Begin at the line below that has "โรงเรียนคันนายาว (ธารินเจริญสงเคราะห์) นำโดยนางสายฝน". Stop after the line that has "Send a joyful", repeating each line exactly and leaving out the pictures.

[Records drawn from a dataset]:
----
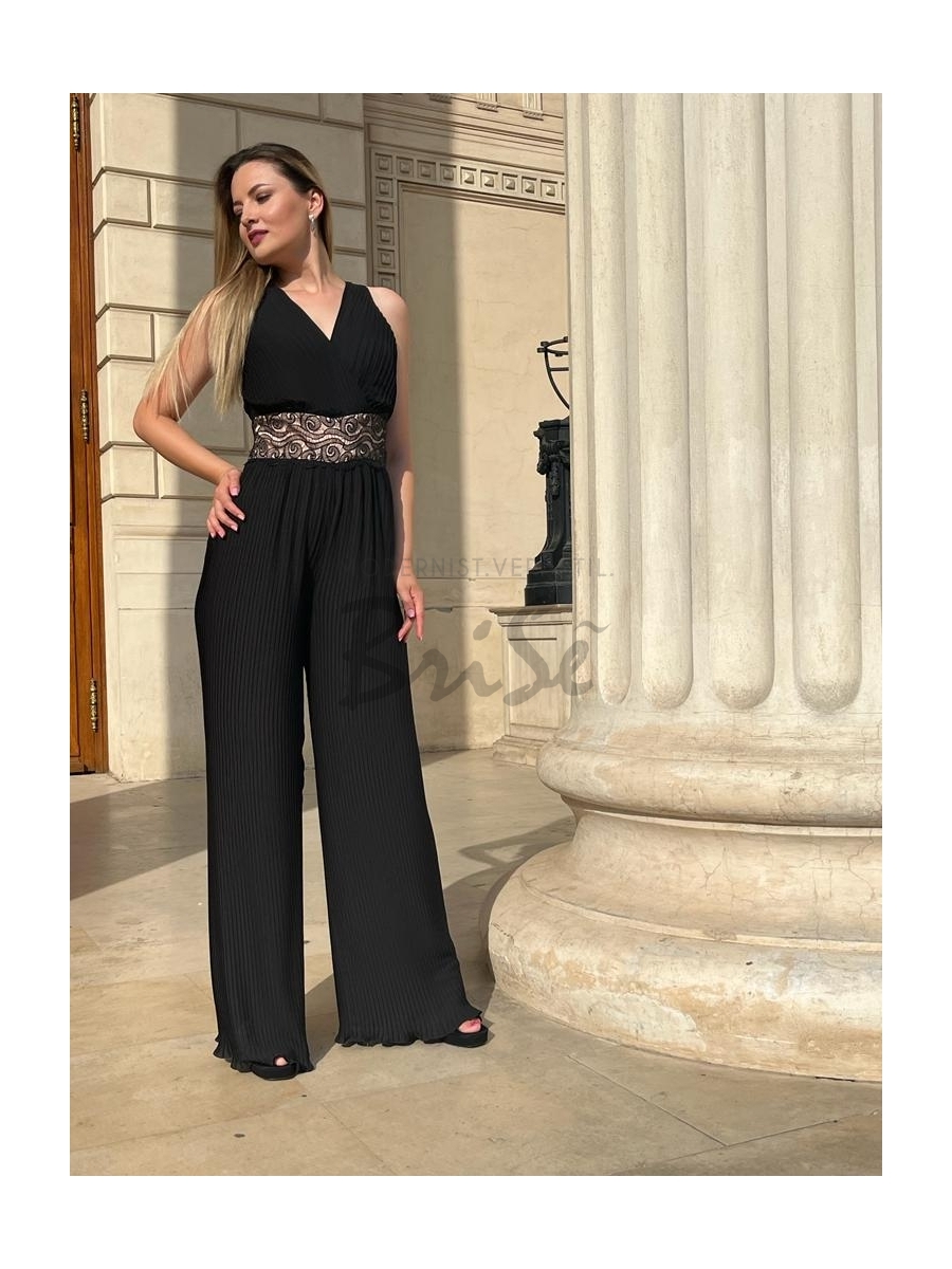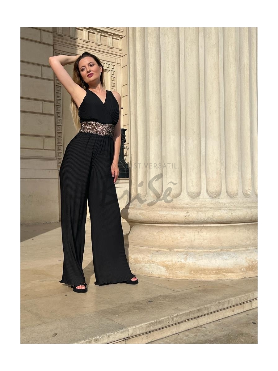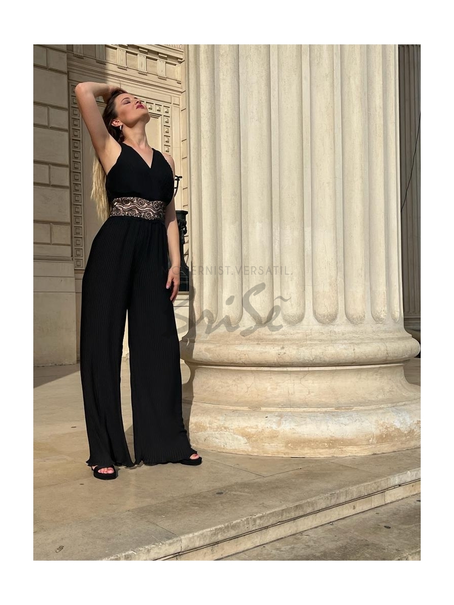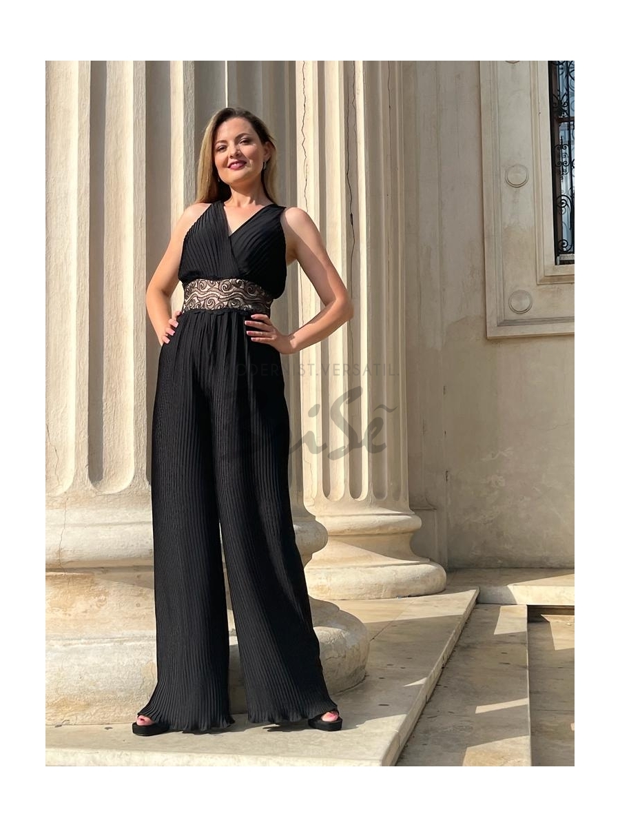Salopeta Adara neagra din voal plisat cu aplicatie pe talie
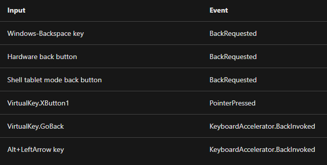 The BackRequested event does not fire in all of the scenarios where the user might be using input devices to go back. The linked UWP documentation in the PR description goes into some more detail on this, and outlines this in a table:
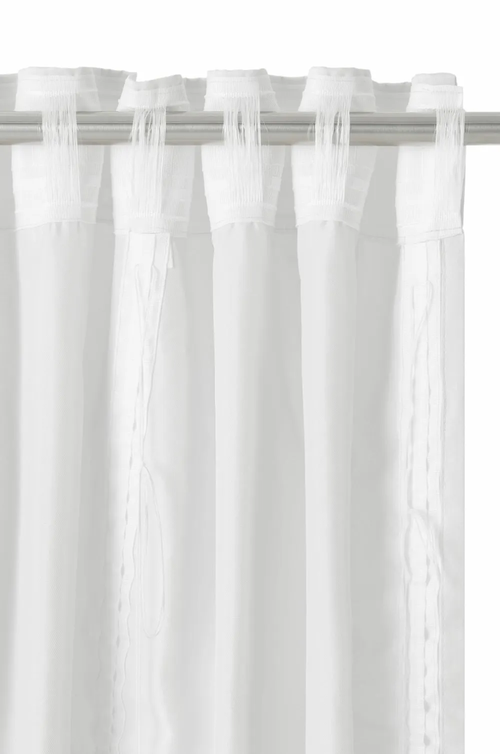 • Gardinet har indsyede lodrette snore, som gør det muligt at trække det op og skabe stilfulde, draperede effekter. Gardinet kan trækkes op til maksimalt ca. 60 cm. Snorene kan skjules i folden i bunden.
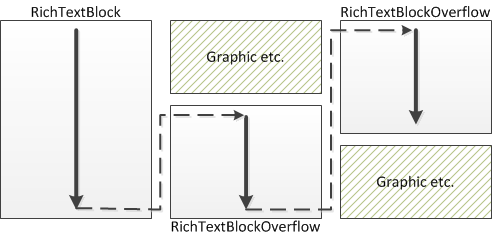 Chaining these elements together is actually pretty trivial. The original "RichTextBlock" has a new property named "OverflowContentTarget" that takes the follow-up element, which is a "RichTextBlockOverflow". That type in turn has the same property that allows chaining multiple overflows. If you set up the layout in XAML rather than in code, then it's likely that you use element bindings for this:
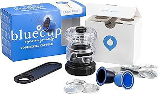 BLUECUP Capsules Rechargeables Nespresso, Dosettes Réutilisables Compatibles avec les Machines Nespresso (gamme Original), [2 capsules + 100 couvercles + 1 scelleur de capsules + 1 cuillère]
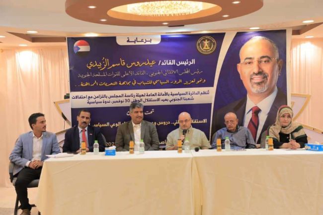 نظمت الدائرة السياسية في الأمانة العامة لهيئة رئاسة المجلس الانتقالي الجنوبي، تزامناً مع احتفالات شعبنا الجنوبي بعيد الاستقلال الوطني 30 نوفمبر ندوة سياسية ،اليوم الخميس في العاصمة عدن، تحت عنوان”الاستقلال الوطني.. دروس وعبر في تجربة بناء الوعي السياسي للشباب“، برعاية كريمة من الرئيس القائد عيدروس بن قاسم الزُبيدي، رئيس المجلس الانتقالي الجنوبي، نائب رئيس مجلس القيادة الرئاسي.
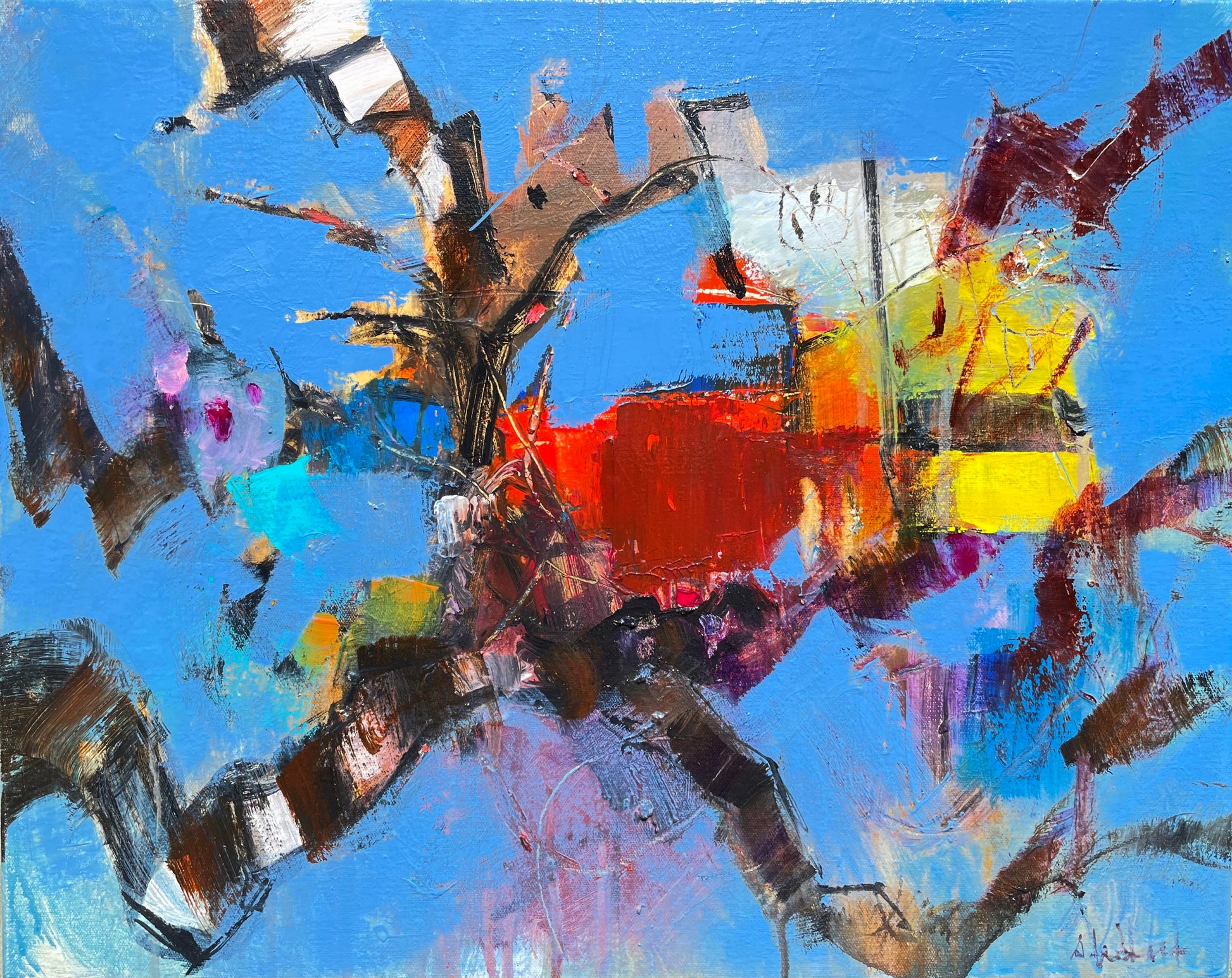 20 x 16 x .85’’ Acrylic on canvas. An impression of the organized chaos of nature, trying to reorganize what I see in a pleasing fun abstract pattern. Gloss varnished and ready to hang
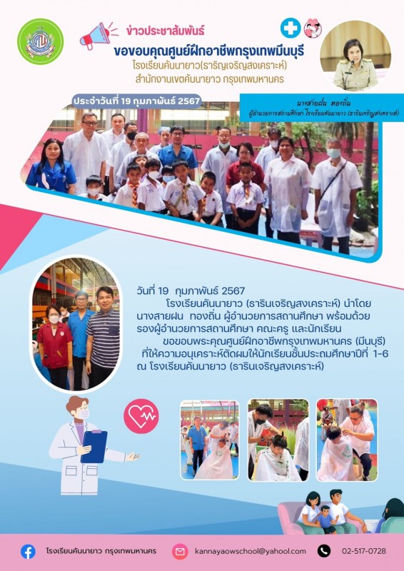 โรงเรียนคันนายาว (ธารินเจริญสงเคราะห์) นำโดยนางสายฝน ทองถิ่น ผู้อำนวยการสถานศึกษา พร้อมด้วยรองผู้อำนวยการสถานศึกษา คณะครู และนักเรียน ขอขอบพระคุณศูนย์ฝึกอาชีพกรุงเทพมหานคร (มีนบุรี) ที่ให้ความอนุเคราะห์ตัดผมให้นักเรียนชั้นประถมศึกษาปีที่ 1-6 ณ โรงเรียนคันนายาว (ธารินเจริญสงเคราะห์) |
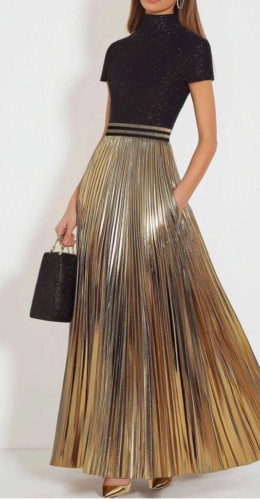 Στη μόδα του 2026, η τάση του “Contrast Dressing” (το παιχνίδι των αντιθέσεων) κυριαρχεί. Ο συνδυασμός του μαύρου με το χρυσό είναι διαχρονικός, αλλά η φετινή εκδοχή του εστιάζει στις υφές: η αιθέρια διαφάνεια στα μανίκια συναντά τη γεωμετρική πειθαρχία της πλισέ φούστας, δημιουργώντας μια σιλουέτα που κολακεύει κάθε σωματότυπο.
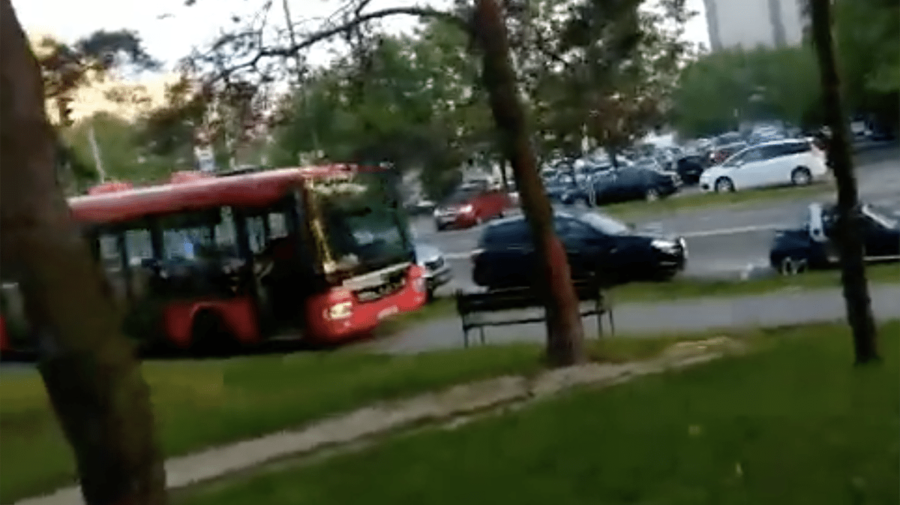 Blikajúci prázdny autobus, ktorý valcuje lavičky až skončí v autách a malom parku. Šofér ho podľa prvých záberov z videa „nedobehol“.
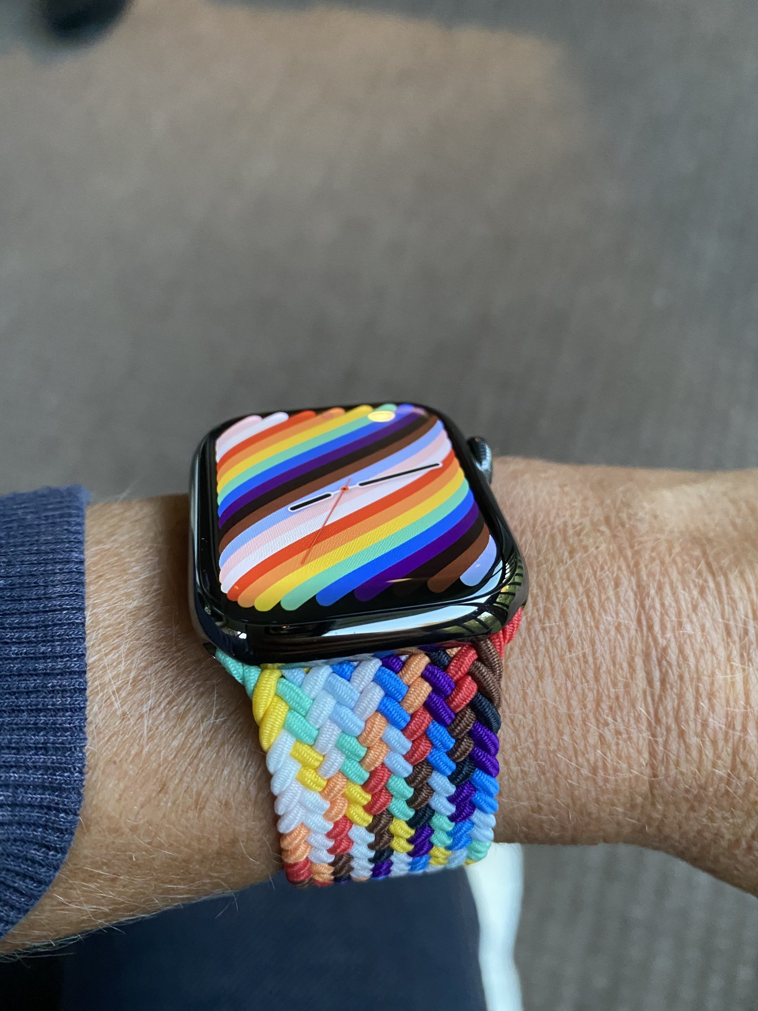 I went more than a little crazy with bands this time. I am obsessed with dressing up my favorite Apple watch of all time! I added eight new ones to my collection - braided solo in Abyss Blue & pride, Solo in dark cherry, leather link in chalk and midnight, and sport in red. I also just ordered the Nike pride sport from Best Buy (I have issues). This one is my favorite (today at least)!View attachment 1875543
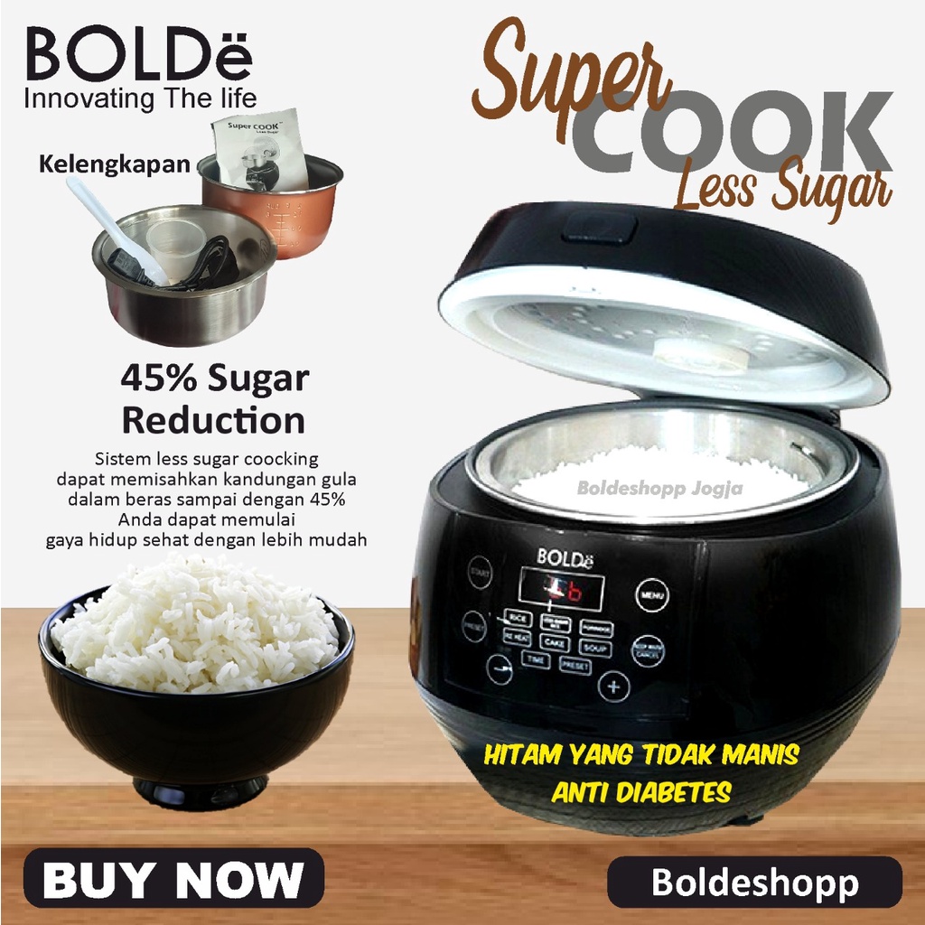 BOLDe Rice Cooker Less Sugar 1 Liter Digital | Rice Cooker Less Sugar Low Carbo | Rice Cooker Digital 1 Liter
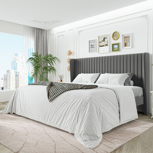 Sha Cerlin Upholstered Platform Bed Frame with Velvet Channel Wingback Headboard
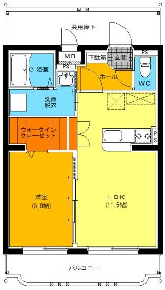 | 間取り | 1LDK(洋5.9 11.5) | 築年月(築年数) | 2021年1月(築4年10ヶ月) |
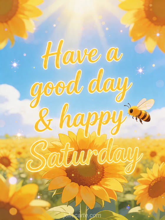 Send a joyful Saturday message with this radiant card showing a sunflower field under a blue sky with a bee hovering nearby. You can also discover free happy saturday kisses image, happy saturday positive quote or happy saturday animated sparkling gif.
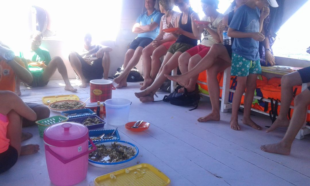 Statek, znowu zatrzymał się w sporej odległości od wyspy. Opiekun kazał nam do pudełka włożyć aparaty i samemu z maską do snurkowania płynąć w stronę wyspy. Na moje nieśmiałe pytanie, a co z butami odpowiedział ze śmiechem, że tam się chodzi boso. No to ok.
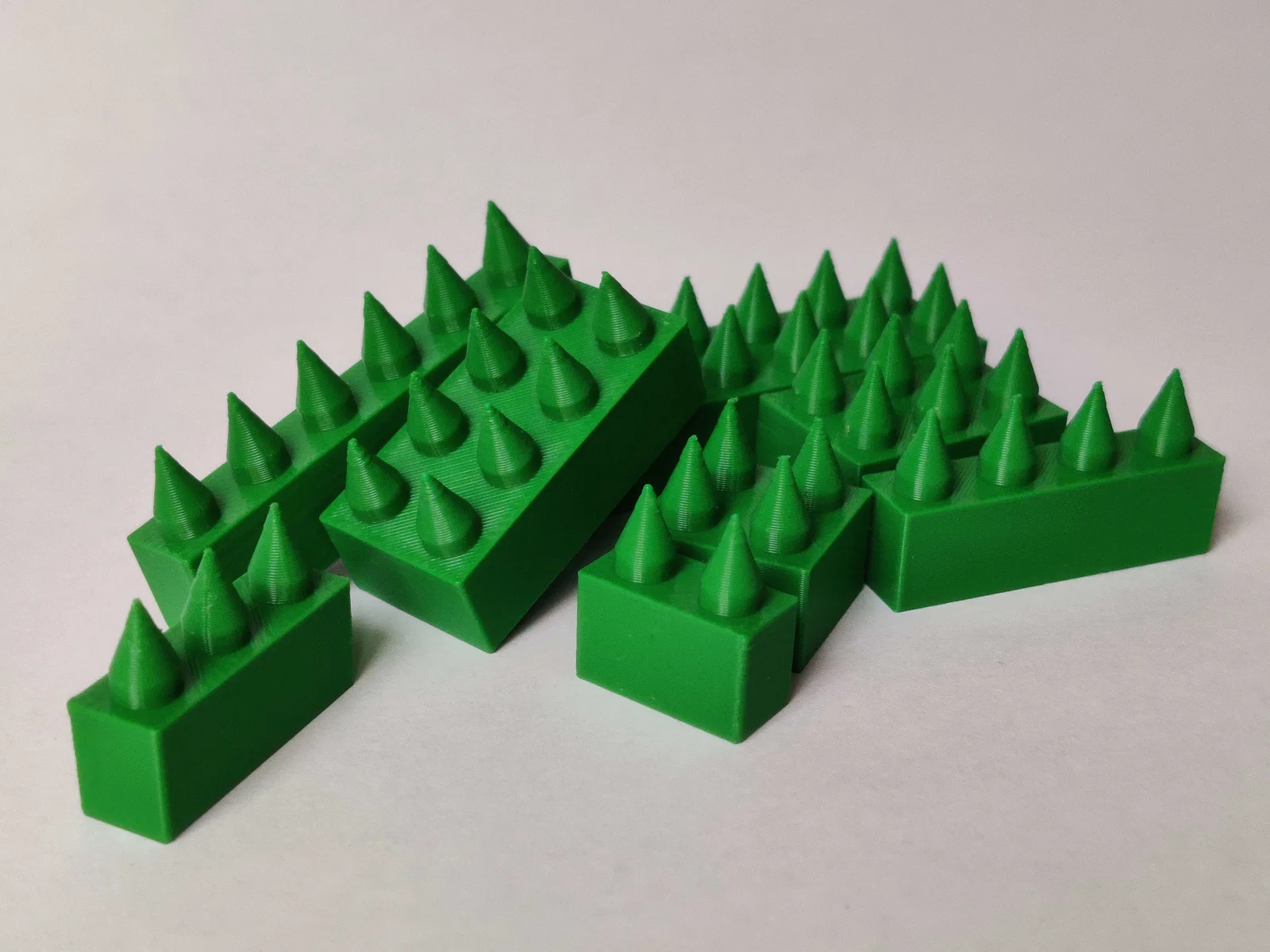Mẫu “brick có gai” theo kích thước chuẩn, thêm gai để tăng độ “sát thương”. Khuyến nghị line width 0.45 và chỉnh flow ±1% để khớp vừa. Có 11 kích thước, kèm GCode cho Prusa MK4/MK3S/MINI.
----
[TASK RESULT]:
 โรงเรียนคันนายาว (ธารินเจริญสงเคราะห์) นำโดยนางสายฝน ทองถิ่น ผู้อำนวยการสถานศึกษา พร้อมด้วยรองผู้อำนวยการสถานศึกษา คณะครู และนักเรียน ขอขอบพระคุณศูนย์ฝึกอาชีพกรุงเทพมหานคร (มีนบุรี) ที่ให้ความอนุเคราะห์ตัดผมให้นักเรียนชั้นประถมศึกษาปีที่ 1-6 ณ โรงเรียนคันนายาว (ธารินเจริญสงเคราะห์) |
 Στη μόδα του 2026, η τάση του “Contrast Dressing” (το παιχνίδι των αντιθέσεων) κυριαρχεί. Ο συνδυασμός του μαύρου με το χρυσό είναι διαχρονικός, αλλά η φετινή εκδοχή του εστιάζει στις υφές: η αιθέρια διαφάνεια στα μανίκια συναντά τη γεωμετρική πειθαρχία της πλισέ φούστας, δημιουργώντας μια σιλουέτα που κολακεύει κάθε σωματότυπο.
 Blikajúci prázdny autobus, ktorý valcuje lavičky až skončí v autách a malom parku. Šofér ho podľa prvých záberov z videa „nedobehol“.
 I went more than a little crazy with bands this time. I am obsessed with dressing up my favorite Apple watch of all time! I added eight new ones to my collection - braided solo in Abyss Blue & pride, Solo in dark cherry, leather link in chalk and midnight, and sport in red. I also just ordered the Nike pride sport from Best Buy (I have issues). This one is my favorite (today at least)!View attachment 1875543
 BOLDe Rice Cooker Less Sugar 1 Liter Digital | Rice Cooker Less Sugar Low Carbo | Rice Cooker Digital 1 Liter
 Sha Cerlin Upholstered Platform Bed Frame with Velvet Channel Wingback Headboard
 | 間取り | 1LDK(洋5.9 11.5) | 築年月(築年数) | 2021年1月(築4年10ヶ月) |
 Send a joyful Saturday message with this radiant card showing a sunflower field under a blue sky with a bee hovering nearby. You can also discover free happy saturday kisses image, happy saturday positive quote or happy saturday animated sparkling gif.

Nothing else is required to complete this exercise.